Several good examples of such pork projects are provided by Rand Simberg in his piece, where he says that the new policy will enable us to develop the “critical technologies of orbital assembly, automated docking, and propellant transfer and storage.” In fact, none of these technologies were needed to go to the moon in the 1960s, and none are needed to send astronauts to the moon or Mars today. In fact, the project of building an orbital propellant depot is not merely a huge time and money waster, such a program is harmful to any prospects for a lunar base because it will create a constituency which will want to require a lunar base program to make use of its services, which will drive it to a very suboptimal mission architecture.

The only reason why this project has been put on NASA’s plate is because it was the pet idea of one of the members of the Augustine commission, a politicized panel created by the Obama administration for the purpose of justifying its decision to wreck the Bush space initiatives.

Another example of the defective nature of Obama’s constituency-driven approach to random technology development is the decision of the administration to make a fetish of the so-called VASIMR plasma electric thruster, which has been championed by its inventor, Franklin Chang Diaz, a former crewmate of the current NASA administrator. In fact, VASIMR, while probably workable, offers no compelling advantages over ion electric thrusters which already exist, and neither offer any utility for human Mars missions without the development of large space nuclear power reactors to drive them. These, however, are not part of the plan, because nobody who wants them currently has a political inside track.

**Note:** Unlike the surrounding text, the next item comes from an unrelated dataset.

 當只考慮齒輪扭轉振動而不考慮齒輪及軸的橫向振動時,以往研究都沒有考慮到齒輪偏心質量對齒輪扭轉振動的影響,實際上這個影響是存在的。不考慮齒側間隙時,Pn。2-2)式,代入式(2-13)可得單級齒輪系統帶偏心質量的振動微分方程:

And even if we had multi-megawatt space nuclear power reactors (so that the VASIMR would not just be an electric rocket without a socket to plug in to),  there is no evidence that nuclear electric propulsion (NEP) offers any clear advantage for accomplishing human Mars missions over the chemical rockets we already have.  Indeed, using chemical rockets we can get a crew to Mars in 6 months. If realistic numbers are used for reactor and thruster weights, a one-way NEP trip would take at least two years.

Under the Obama policy, it’s not whether your technology is useful, it’s who you know.

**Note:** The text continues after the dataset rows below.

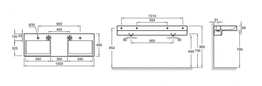 Двойная раковина-столешница 150х49 см, Jacob Delafon Terrace EXA9112 имеет прямоугольную форму, оснащена опорой и двумя отверстиями для монтажа смесителей. Есть достаточно места, чтобы поставить мыльницу, стакан, другие аксессуары. Раковина производится из качественного белоснежного фаянса.
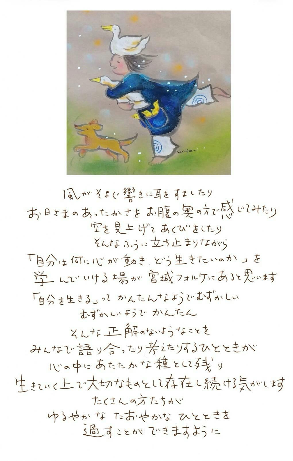 東北、宮城に、フォルケホイスコーレが出来る! 今からとても楽しみです! どの年代の人にとっても 生き方を考える場や時期は必要だとずっと思っていました。 私がやっている1to1コーチングもその一つかもしれませんが、 想いを同じくする他者と関わりながら、生活を共にしながら、そこから見えてくる“これからの私”はより大きくて豊かなもののはず。 そんな場になるのが「フォルケホイスコーレ」でしょう。 地域との関わりや食、温泉を含めた宮城フォルケでの暮らしを通して、 「足りないもの」に向いていた意識は 「自分が既に手にしているもの」に気づき、 「自分の可能性」を信じられる感覚に移行していく…と確信します。 フォルケホイスコーレ 「生き方と向き合う文化」が広がり、根付くことを心から応援しています!
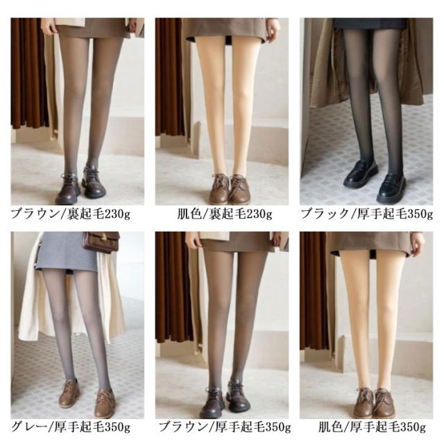 | 選べる2タイプ、熱を逃がさない暖かな裏起毛タイツ。 薄手・230g裏起毛・350g厚手起毛の3種類で、秋から春先までお使いいただけます。 タイツの内側が肌色になっているので履いた時に透けて見えるようになっております。 体へのフィット感がバッチリ、スッキリとしたレッグラインを見せてくれます。 柔らかくなめらかな肌触りで温かく、透け感により重たくならず寒い冬のおしゃれに活躍します。 | |

To put the human space program into park (with the taxi meter running at a rate of $10 billion per year) while we waste decades and fortunes on such a scatterbrained assortment of makework/wastetime pet pork programs is insanity.

If we are going to have a space program that actually accomplishes great things, we need to have a great goal, and a schedule that compels action to achieve that goal in the real world of the here and now. The goal should be humans to Mars. The schedule for its achievement should be ten years. If we embrace that goal and accept that challenge we will then be driven to choose, develop, build, and operate systems and technologies that actually make sense, and which will get us to Mars before this decade is out. If we do not take such an approach, then another decade will pass, and a hundred billion more will be spent, and we will be no closer to sending humans to Mars in 2020 than we are today.

In the beginning, there was the Word.